[The data — start]

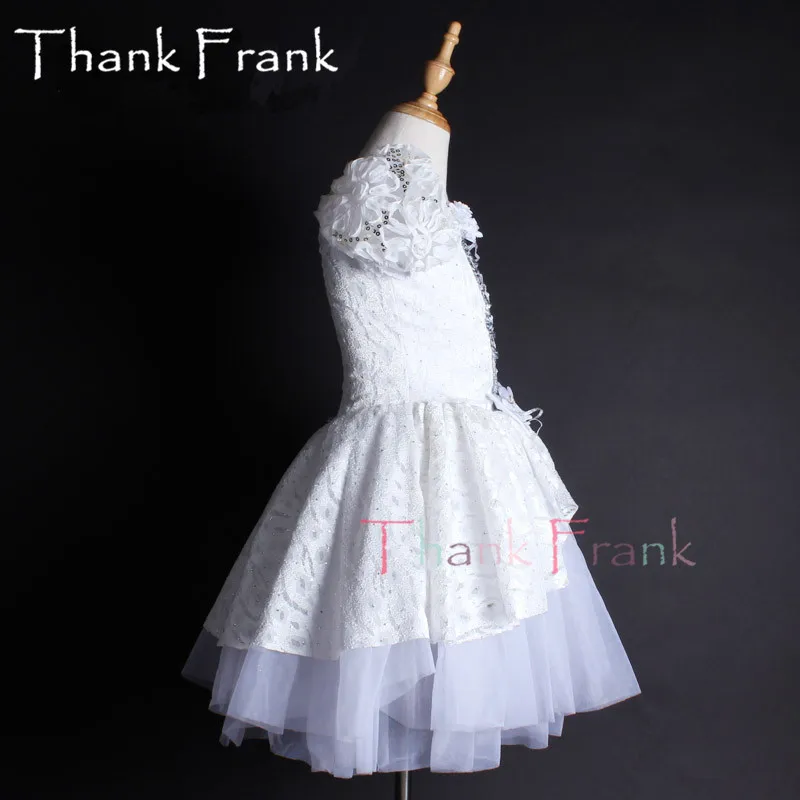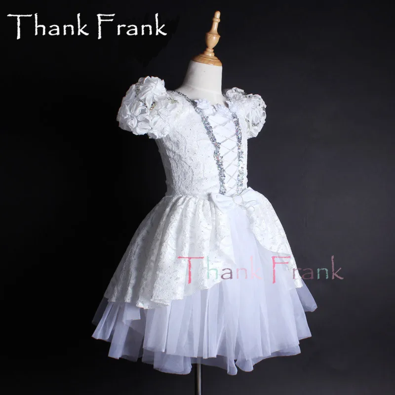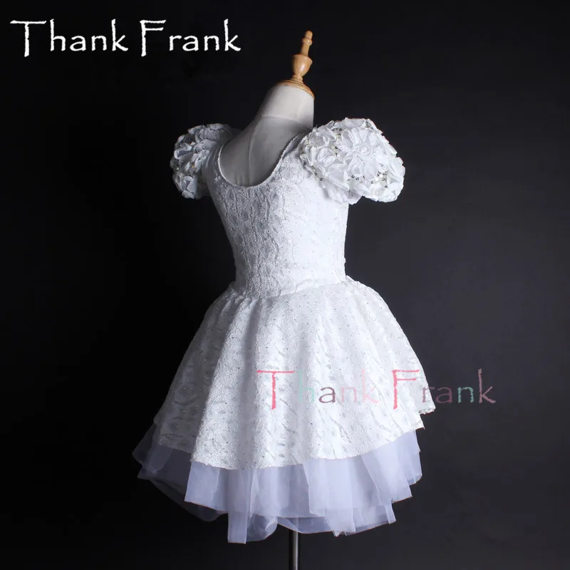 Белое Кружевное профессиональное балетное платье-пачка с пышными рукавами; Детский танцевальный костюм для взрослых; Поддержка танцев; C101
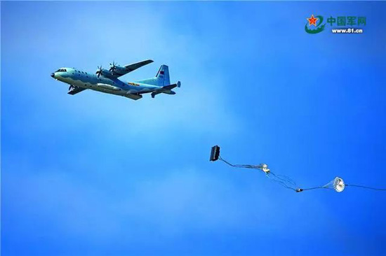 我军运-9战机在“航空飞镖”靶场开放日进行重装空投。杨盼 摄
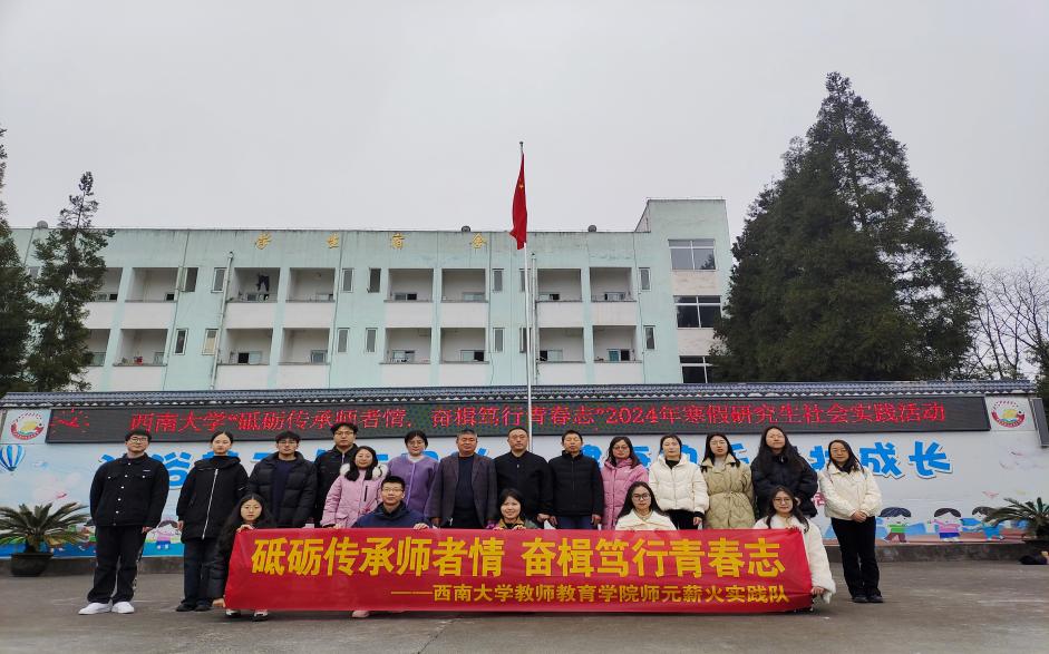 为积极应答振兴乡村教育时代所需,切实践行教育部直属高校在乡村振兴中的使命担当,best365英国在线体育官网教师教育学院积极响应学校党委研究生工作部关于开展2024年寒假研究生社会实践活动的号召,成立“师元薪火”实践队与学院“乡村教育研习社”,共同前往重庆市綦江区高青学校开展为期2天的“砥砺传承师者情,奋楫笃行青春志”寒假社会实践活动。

[The data — finish]

• **Exercise details**
Write out all the material verbatim, images excluded.

• **Reply**
 Белое Кружевное профессиональное балетное платье-пачка с пышными рукавами; Детский танцевальный костюм для взрослых; Поддержка танцев; C101
 我军运-9战机在“航空飞镖”靶场开放日进行重装空投。杨盼 摄
 为积极应答振兴乡村教育时代所需,切实践行教育部直属高校在乡村振兴中的使命担当,best365英国在线体育官网教师教育学院积极响应学校党委研究生工作部关于开展2024年寒假研究生社会实践活动的号召,成立“师元薪火”实践队与学院“乡村教育研习社”,共同前往重庆市綦江区高青学校开展为期2天的“砥砺传承师者情,奋楫笃行青春志”寒假社会实践活动。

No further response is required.